Task material

● ● ● ● ● ● ●

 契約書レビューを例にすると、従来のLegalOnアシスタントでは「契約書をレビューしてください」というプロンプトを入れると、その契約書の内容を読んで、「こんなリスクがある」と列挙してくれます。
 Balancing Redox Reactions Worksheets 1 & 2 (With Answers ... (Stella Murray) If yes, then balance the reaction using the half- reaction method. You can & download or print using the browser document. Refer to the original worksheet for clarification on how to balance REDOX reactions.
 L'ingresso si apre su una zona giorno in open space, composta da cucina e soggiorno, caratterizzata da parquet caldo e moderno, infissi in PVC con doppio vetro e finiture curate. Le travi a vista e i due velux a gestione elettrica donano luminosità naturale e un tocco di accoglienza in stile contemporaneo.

● ● ● ● ● ● ●

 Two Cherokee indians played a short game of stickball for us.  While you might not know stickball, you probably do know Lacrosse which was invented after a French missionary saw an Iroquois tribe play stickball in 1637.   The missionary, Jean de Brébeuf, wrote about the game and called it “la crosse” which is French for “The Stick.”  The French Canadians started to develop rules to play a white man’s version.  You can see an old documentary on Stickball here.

● ● ● ● ● ● ●

What is required
Retype exactly the lines of the data above that fall between the line with "契約書レビューを例にすると、" and the line with "Balancing Redox Reactions", inclusive, and add nothing.

Reply
 契約書レビューを例にすると、従来のLegalOnアシスタントでは「契約書をレビューしてください」というプロンプトを入れると、その契約書の内容を読んで、「こんなリスクがある」と列挙してくれます。
 Balancing Redox Reactions Worksheets 1 & 2 (With Answers ... (Stella Murray) If yes, then balance the reaction using the half- reaction method. You can & download or print using the browser document. Refer to the original worksheet for clarification on how to balance REDOX reactions.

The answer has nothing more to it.